Hücrelerin enerji santralleri olarak bilinen mitokondriler, belirli hastalıklarda mutasyona uğrayabilen kendine özgü DNA taşır ve bu durum hücrelerin enerji yetersizliği çekmesine neden olur. Şimdi ise bilim insanları, bu genetik bozuklukların arkasındaki yaygın mutasyonların etkilerini tersine çevirebilecek, türünün ilk örneği bir molekül keşfetti.

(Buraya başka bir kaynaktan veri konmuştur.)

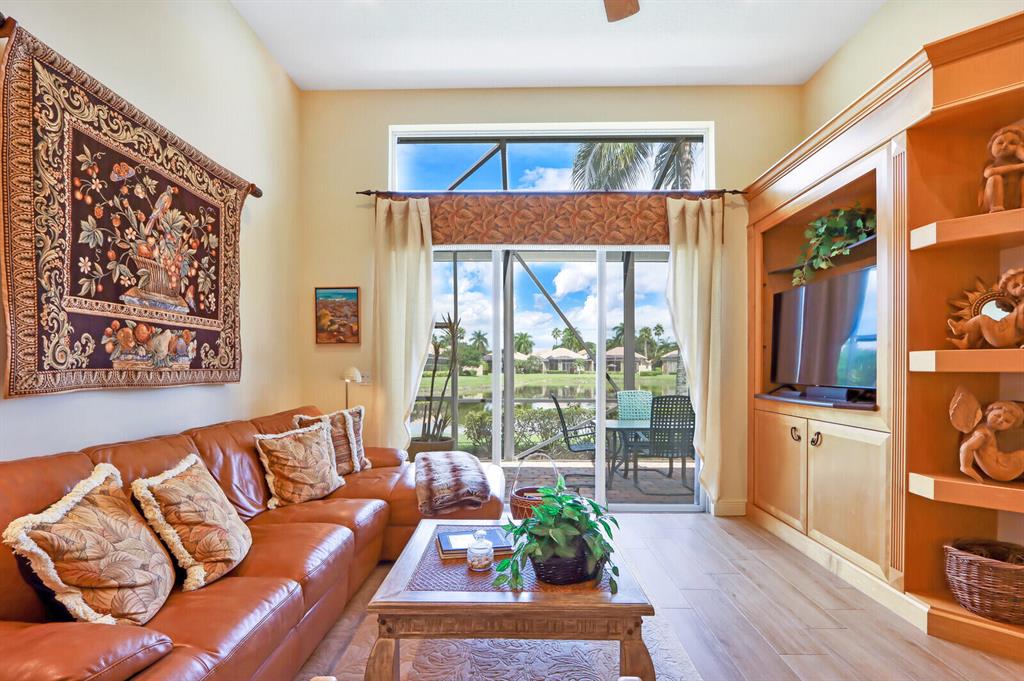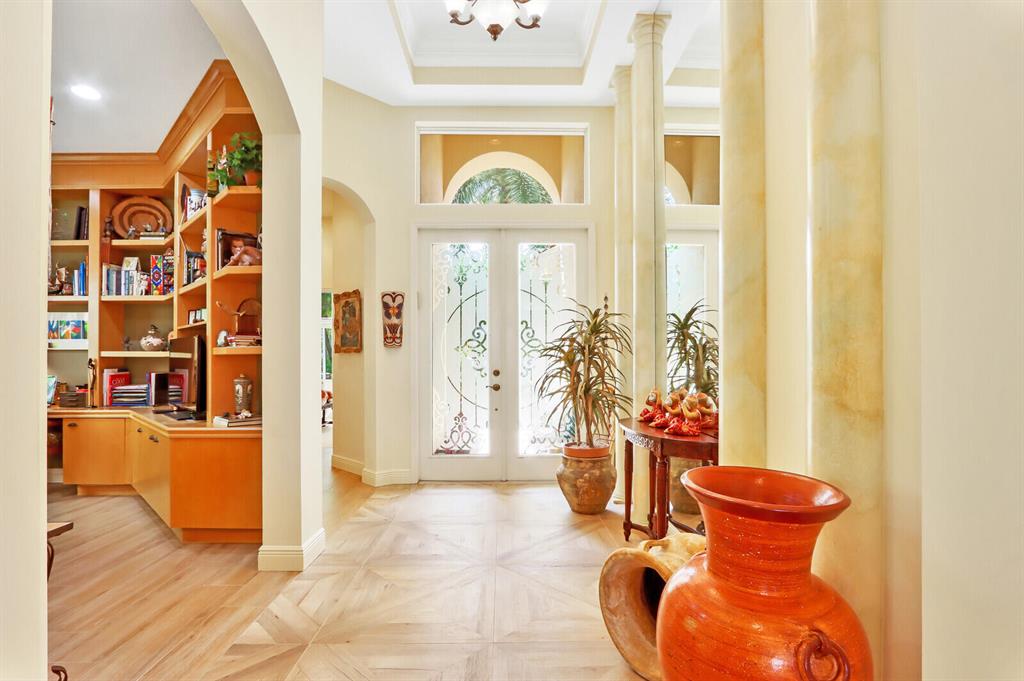 This FORMER BUILDER'S MODEL one-story, one-owner home boasts incredible upgrades, recent renovations (including a 4-year-NEW ROOF and a BRAND NEW 2022 AC system), a screened heated POOL, outdoor kitchen--all with the sublime backdrop of wide lake views (with a stunning lit fountain at night!). From the moment you open the elegant glass double doors you'll know that you're in a very special home. The builder incorporated dramatic and timeless architectural enhancements in practically every room of this renovated former model home. Soaring ceilings, adorned in layers of crown molding, stately columns and built-in mirrors create major wow-factor, complementing the new flooring in the main living areas.

Bu mutasyonlar, henüz tedavisi olmayan çok farklı hastalıklara yol açabilir. Bu çalışmanın gerçek bir çığır açtığı ve bu durumlar için inanılmaz olanaklar sunabileceği düşünülüyor.
Çalışmanın bir sınırlaması, molekülün canlı bir hayvan veya insandaki etkisinin bu aşamada tam olarak gösterilmemiş olmasıdır. Ancak bu araştırmanın devamında, bilim insanları benzer bir molekül geliştirdi ve bu molekül şu anda insanlar üzerinde klinik denemelerle test ediliyor. Klinik denemelerin ilk aşaması sağlıklı bireylerde güvenliği test etmeyi amaçlıyor. Gelecek yıl ise mitokondriyal hastalığı olan kişilerde denemeler yapılması planlanıyor.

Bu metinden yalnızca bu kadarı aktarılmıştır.